- Also known as: whiteeeen, whiteeeen²
- Origin: Japan
- Genres: J-pop
- Years active: 2014–present
- Label: Zen Music
- Members: moca akagi nene Fu-ka Mizuki
- Past members: meri kana hima noa
- Website: whiteeeen.com

= Days no mo =

Japanese girl group

Days no mo, formerly known as Whiteeeen (stylized as whiteeeen) is a Japanese vocal group, produced by senior vocal group Greeeen. Its members, who debuted in their teens, keep their identities concealed from the public.

==History==

A live-action film adaptation of Strobe Edge was announced in the August 2014 issue of Bessatsu Margaret, and in October, it announced that Greeeen's song, "Ai Uta", would be the theme song for the film, as the song was released in 2007 when Greeeen debuted, and that it was relevant to the protagonist's mood. An audition was held for girls between 15 and 29 to record their own versions of the song and post it to Greeeen's official Line account.
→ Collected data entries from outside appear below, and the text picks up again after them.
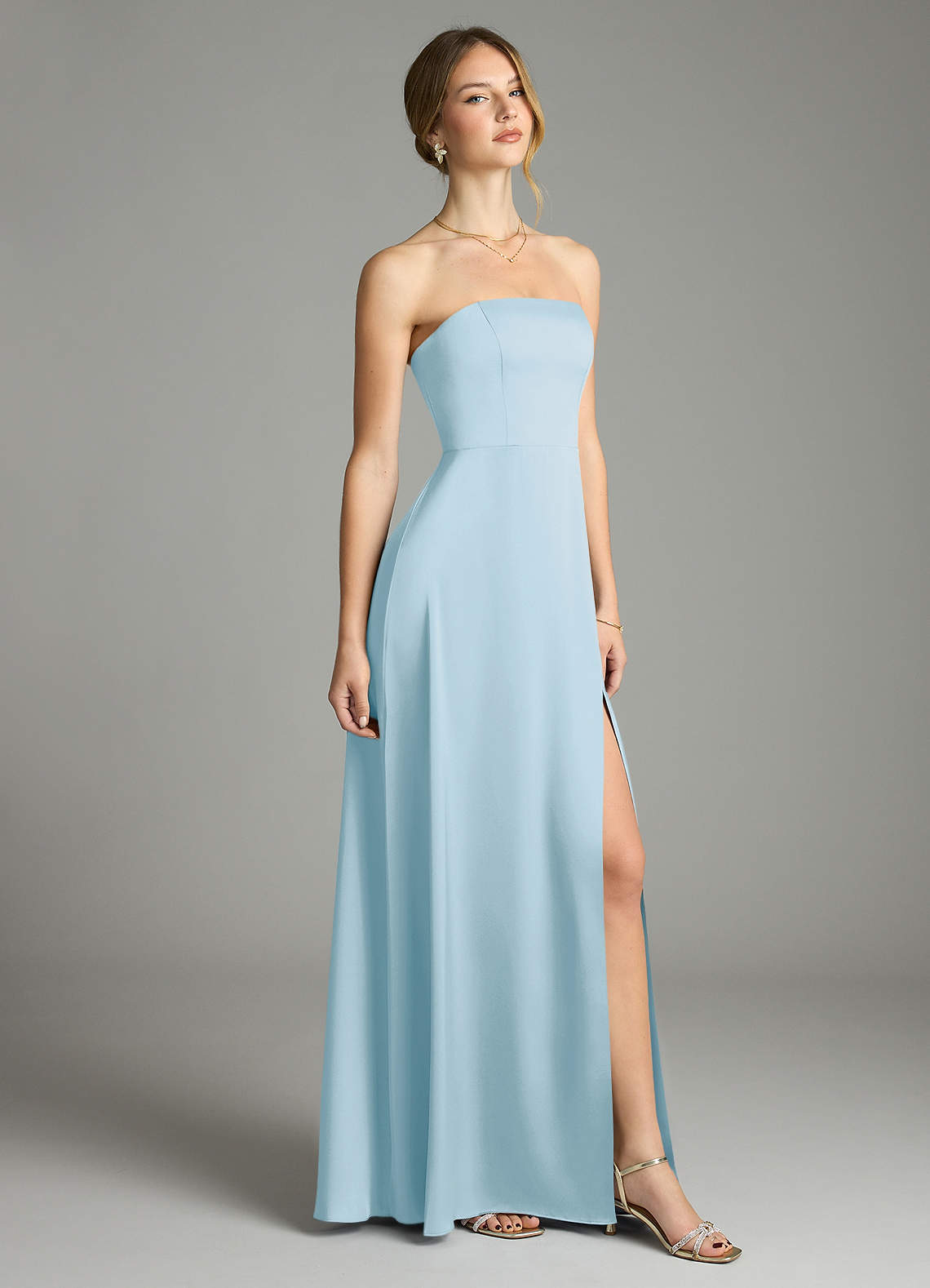 Sky Blue A-Line Strapless Stretch Satin Convertible Dress
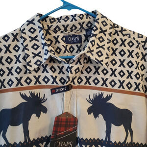 Brand new with tags Chaps men’s long sleeve shirt in a bold and rustic moose and geometric print. The perfect gift for the outdoorsy guy, lodgecore fan, or cabin dweller. Tag attached.
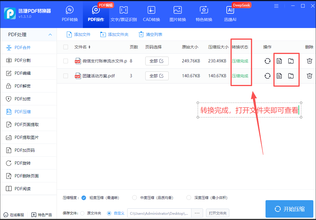 转换状态显示‘压缩完成’即可得到压缩后的PDF文件,打开文件夹即可查看~
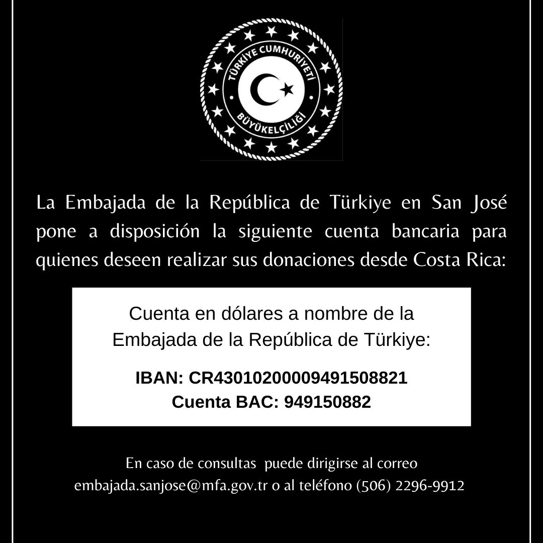Número De Cuenta Abierta Para Brindar Apoyo Desde Costa Rica A Los Ciudadaños Turcos Afectados Por Terremoto
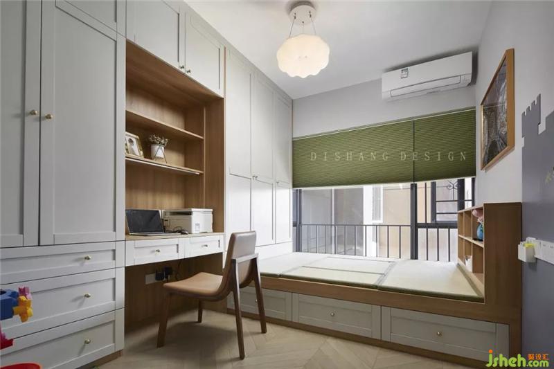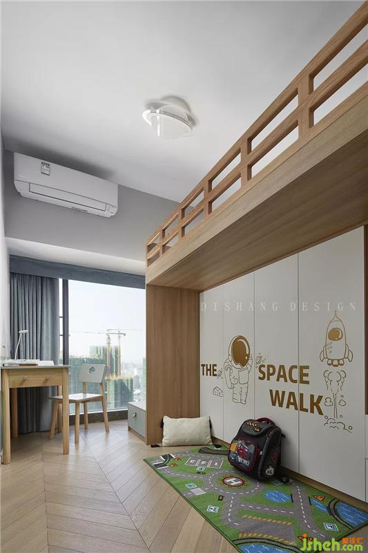 我們設(shè)置一體木床,上面是休息空間,下面是大大的玩耍及收納空間,我們不做過多的限制,沒有傳統(tǒng)的護(hù)欄、書柜等,小孩子就該大膽發(fā)揮做自己想做的事,要有“The space walk”這樣的心呀。裝修設(shè)計(jì)
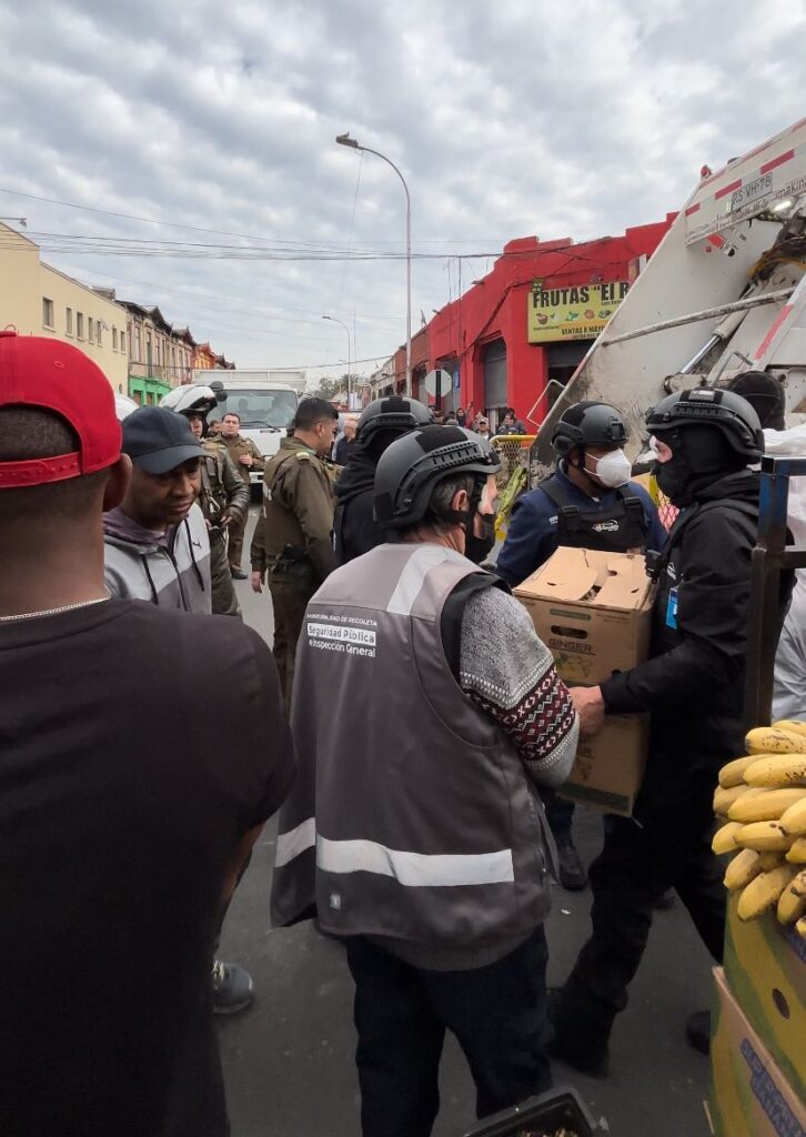 En relación a la requisa, “son entre 4 y 5 toneladas de alimentos de comida preparada, pollos y pescados que se decomisaron en un esfuerzo coordinado entre Carabineros, la Municipalidad de Recoleta y la Seremi de Salud, que son un riesgo sanitario, y que ya no están disponibles para la venta de las personas”, explicó el seremi de Salud, Gonzalo Soto.
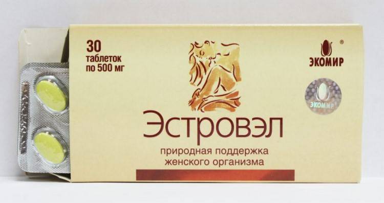 - Эстровэл – эффективные таблетки, помогающие нормализовать сон, повысить работоспособность и уменьшить интенсивность приливов.Их назначают на этапах пременопаузы и менопаузы, а также при раннем климаксе. В состав лекарства входит три фитоэстрогена (цимитифуга, экстракты соевых бобов и крапивных листьев). Именно они нормализуют работу вестибулярной системы и тем самым, уменьшают интенсивность всех неприятных климактерических симптомов. Экстракт крапивы устраняет кровотечения. Входящий в препарат бор противодействует развитию остеопороза. Находящийся среди компонентов таблеток витаминный комплекс повышает иммунитет дамы, ее устойчивость к стрессам, а также снимает появившуюся отёчность конечностей. Препарат назначается также с целью нормализации менструального цикла. Курс лечения 1 месяц по 1-2 таблетки в сутки. Принимают только после еды.
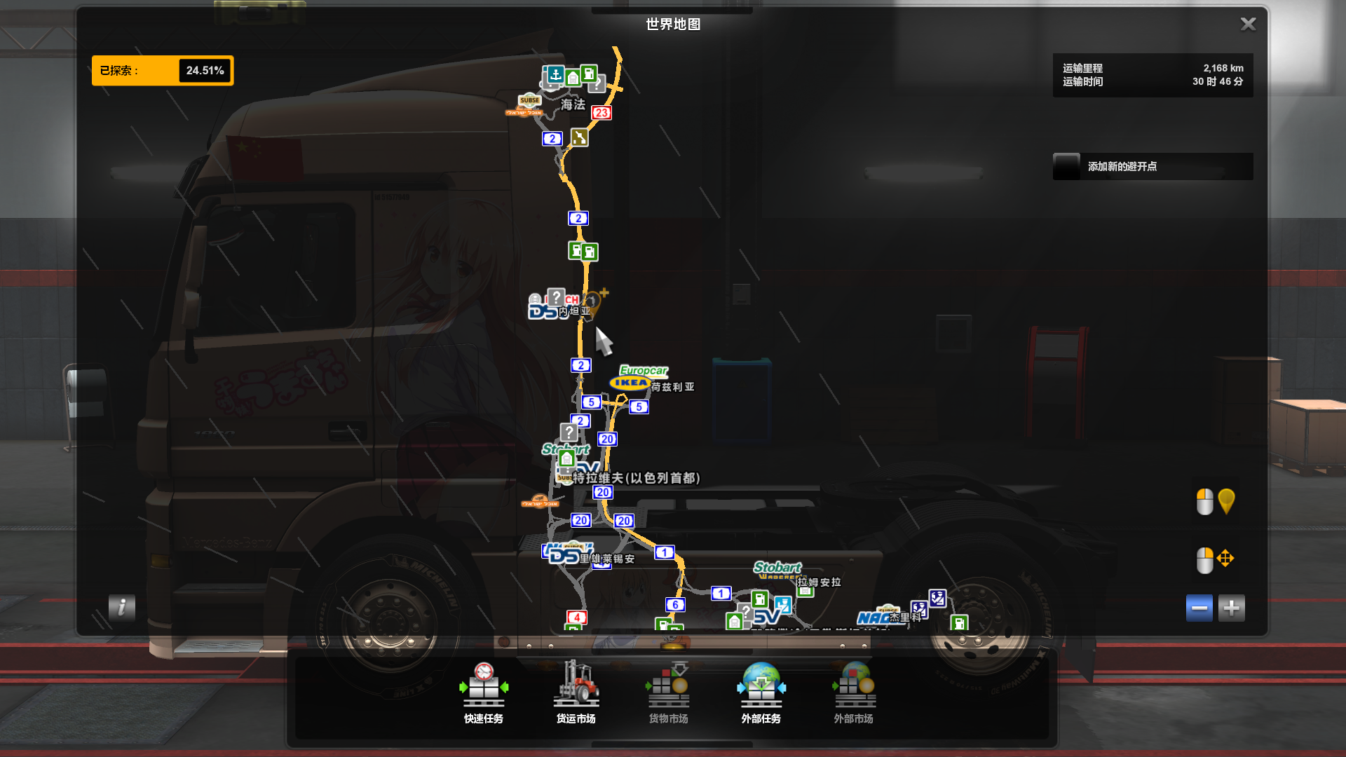 这张地图制作蛮精细的,基本上把那一片区域的道路连接真实的还原出来了。并且还是1:1的还原,所以在这张地图上,卡车提速会变慢,并且游戏时间也是按照真实时间运转的。城市精细化程度很高,几个港口大概是1:10还原?模型分辨率也比原版欧卡模型高了不少,并且不吃配置。
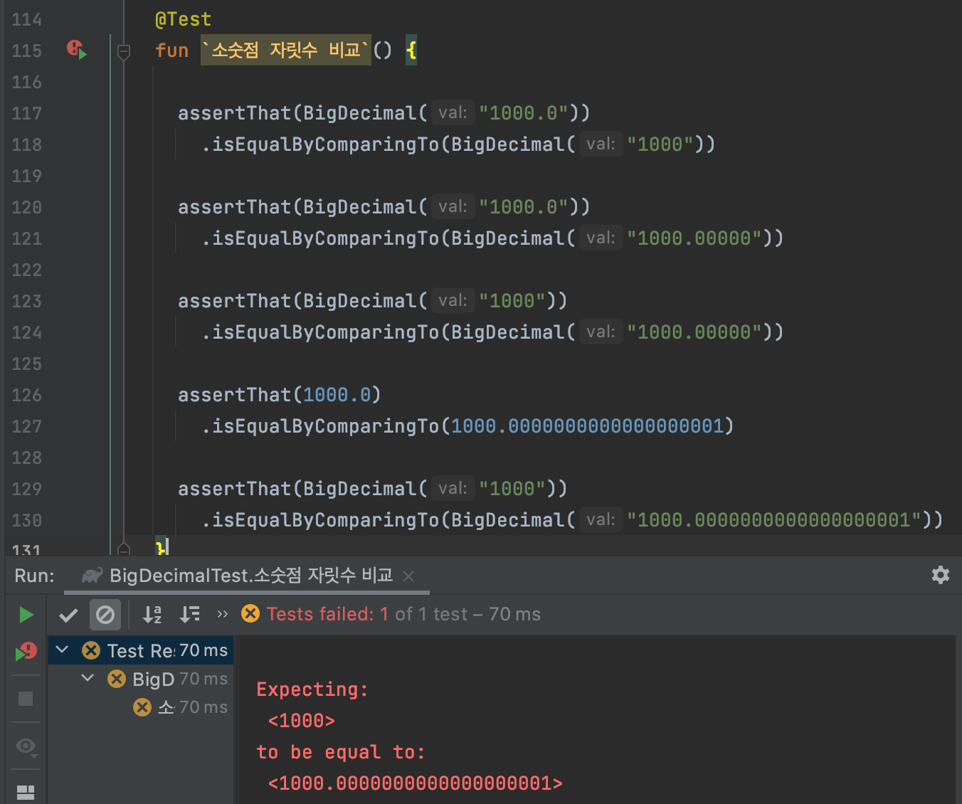 BigDecimal을 사용핼 땐, 문자열을 인자값으로 넘겨줘여 한다.
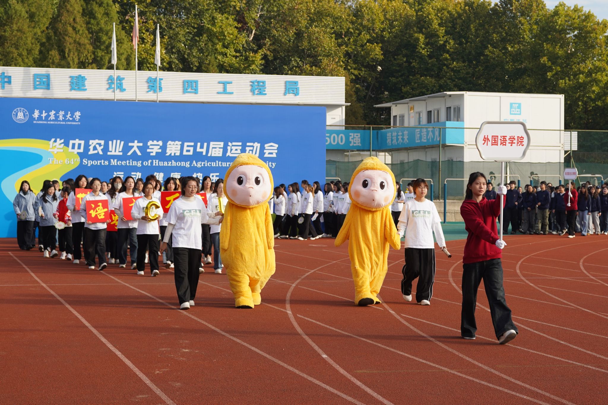 秋意正浓,晨光洒落。10月24日上午,我校第六十四届运动会开幕式于东运动场隆重举行。

Among the contestants, 11 were selected and screened by Greeeen and their producer, Jin. They selected 15-year-old Meri and Kana, 16-year-old Hima and 17-year-old Noa, and debuted under the name "Whiteeeen", a portmanteau of "white" and "teen", with the four e's representing the number of members. Greeeen, who coined the name, hope that the four members would "never forget their pure and white moods" during their future musical activities, hence the "white" in their name. Their cover of "Ai Uta" was also re-titled "Ai Uta (Since 2007)". The members' identities remain hidden, and they did not attend public events; they are displayed as cartoon-drawn images of themselves.

"Ai Uta ~since 2007~" was released in both CD and digital formats in March 2015, and it reached number 1 on various weekly charts, including iTunes, RecoChoku and 8 other platforms. They released their second single, "Pocket" (ポケット), written by Greeeen, as the theme song to Nippon Animation's 40th anniversary film Sinbad: Sora Tobu Hime to Himitsu no Shima.

In the same year, Whiteeeen recorded one of the songs for Soredemo Boku wa Kimi ga Suki, "Ano Koro (Jin Jin Bao Zhuo Ni) " (あの頃～ジンジンバオヂュオニー～), a Japanese-language cover of Hu Xia's song "Those Years" (那些年), the theme song for You Are the Apple of My Eye.

On March 9, 2016, Whiteeeeen released their first mini-album, Koe (声), its cover featuring the backs of the members. On August 17, they released their third single, "Kiseki (Mirai e)" (キセキ～未来へ～), which was used as the theme song to Aozora Yell. On December 14, they released their first full-length album, Zero Koi.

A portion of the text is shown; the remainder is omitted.